Ramon van Handel (Princeton)

Nonasymptotic random matrix theory

Abstract: In principle, a random matrix is just a matrix whose entries are random variables. The goal of random matrix theory is to understand the eigenvalues and eigenvectors of such matrices. However, it seems at first sight rather hopeless that we could say anything meaningful at this level of generality. In practice, classical random matrix theory has focused on a small collection of very special models where explicit computations and limit theorems are possible, while matrix concentration inequalities that apply to more general models only give access to very weak information.

Very recently, however, a new approach to this area has breathed new life into the initial question: can we compute the spectrum of a random matrix with a general pattern of entry means and variances, dependencies, and distributions? I will aim to describe the basic ingredients of a theory that is able able to answer this question in a surprisingly general setting. This is made possible by an unexpected phenomenon: in many cases, the spectrum of an arbitrarily structured random matrix is accurately modelled by that of an associated deterministic operator, whose spectral statistics can be explicitly computed or estimated using free probability.

Based on joint works with A. Bandeira, M. Boedihardjo, T. Brailovskaya, G. Cipolloni, and D. Schroeder.

camera icon Lecture Video (Kerberos login required)

November 16 3:30pm - 4:30pm

Jianfeng Lu (Duke)

Actor-critic method for solving high dimensional Hamilton-Jacobi-Bellman type PDEs

Abstract: In this talk, we will discuss numerical approach to solve high dimensional Hamilton-Jacobi-Bellman (HJB) type partial differential equations (PDEs). The HJB PDEs, reformulated as optimal control problems, are tackled by the actor-critic framework inspired by reinforcement learning, based on neural network parametrization of the value and control functions. Within the actor-critic framework, we employ a policy gradient approach to improve the control, while for the value function, we derive a variance reduced least-squares temporal difference method using stochastic calculus. We will also discuss convergence analysis for the actor-critic method, in particular the policy gradient method for solving stochastic optimal control. Joint work with Jiequn Han (Flatiron Institute) and Mo Zhou (UCLA).

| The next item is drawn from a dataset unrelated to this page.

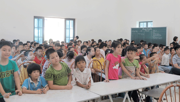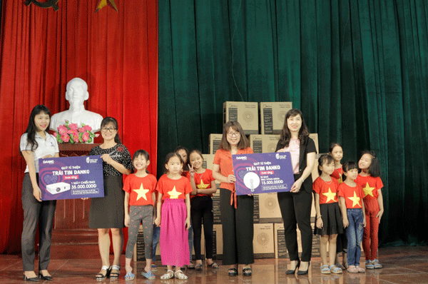 Tại đây, Tập đoàn Danko đã trao tặng cho Nhà trường một máy chiếu SMX trị giá 35 triệu đồng cùng 25 quạt treo tường Midea trị giá 15 triệu đồng.

camera icon Lecture Video (Kerberos login required)

November 30

Nick Trefethen (Harvard)

The AAA Algorithm For Rational Approximation

Abstract: With the introduction of the AAA algorithm in 2018 (Nakatsukasa-Sete-T., SISC), the computation of rational approximations changed from a hard problem to an easy one. We've been exploring the implications of this transformation ever since. This talk will review the algorithm and then present about 15 demonstrations of applications in various areas including interpolation of missing data, analytic continuation, analysis of solutions of dynamical systems, Wiener-Hopf and Riemann-Hilbert problems, function extension, model order reduction, Dirichlet-to-Neumann maps, and Laplace, Stokes, and Helmholtz calculations.